» RECORDED INFORMATION:
────

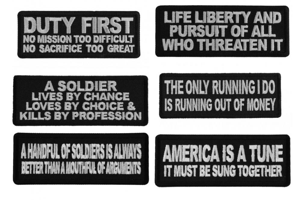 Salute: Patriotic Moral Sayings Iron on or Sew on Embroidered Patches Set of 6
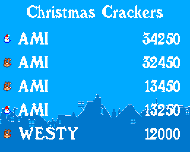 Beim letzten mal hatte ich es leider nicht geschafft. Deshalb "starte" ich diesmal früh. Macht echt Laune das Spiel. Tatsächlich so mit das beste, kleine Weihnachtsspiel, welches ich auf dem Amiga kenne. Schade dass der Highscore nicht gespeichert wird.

────

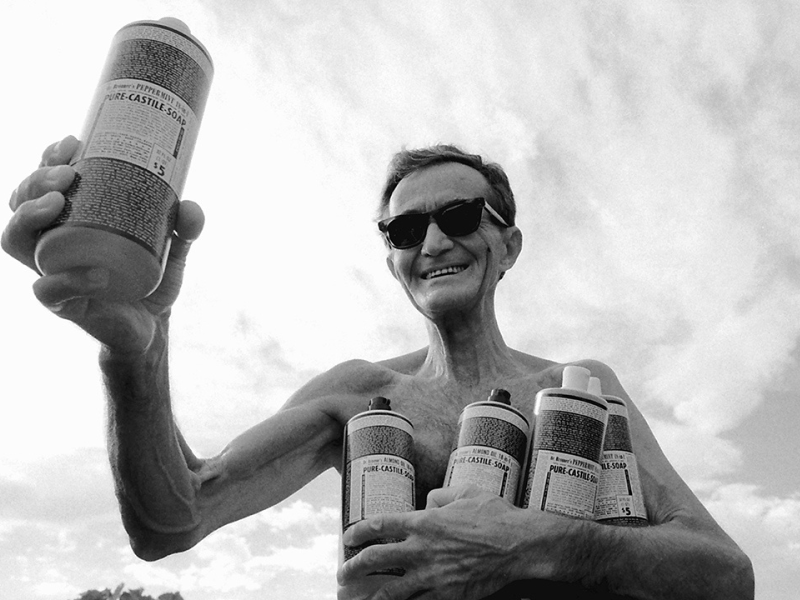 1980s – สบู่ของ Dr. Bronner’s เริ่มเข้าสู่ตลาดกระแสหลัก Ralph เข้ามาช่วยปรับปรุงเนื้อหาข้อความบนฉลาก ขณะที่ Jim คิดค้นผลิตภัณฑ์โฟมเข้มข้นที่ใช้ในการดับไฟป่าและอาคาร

────

» WORK TO BE COMPLETED: Leaving every picture aside, reproduce exactly the lines above from the one with "Salute: Patriotic Moral" up to and including the one with "Beim letzten mal", and no others.

» REPLY:
 Salute: Patriotic Moral Sayings Iron on or Sew on Embroidered Patches Set of 6
 Beim letzten mal hatte ich es leider nicht geschafft. Deshalb "starte" ich diesmal früh. Macht echt Laune das Spiel. Tatsächlich so mit das beste, kleine Weihnachtsspiel, welches ich auf dem Amiga kenne. Schade dass der Highscore nicht gespeichert wird.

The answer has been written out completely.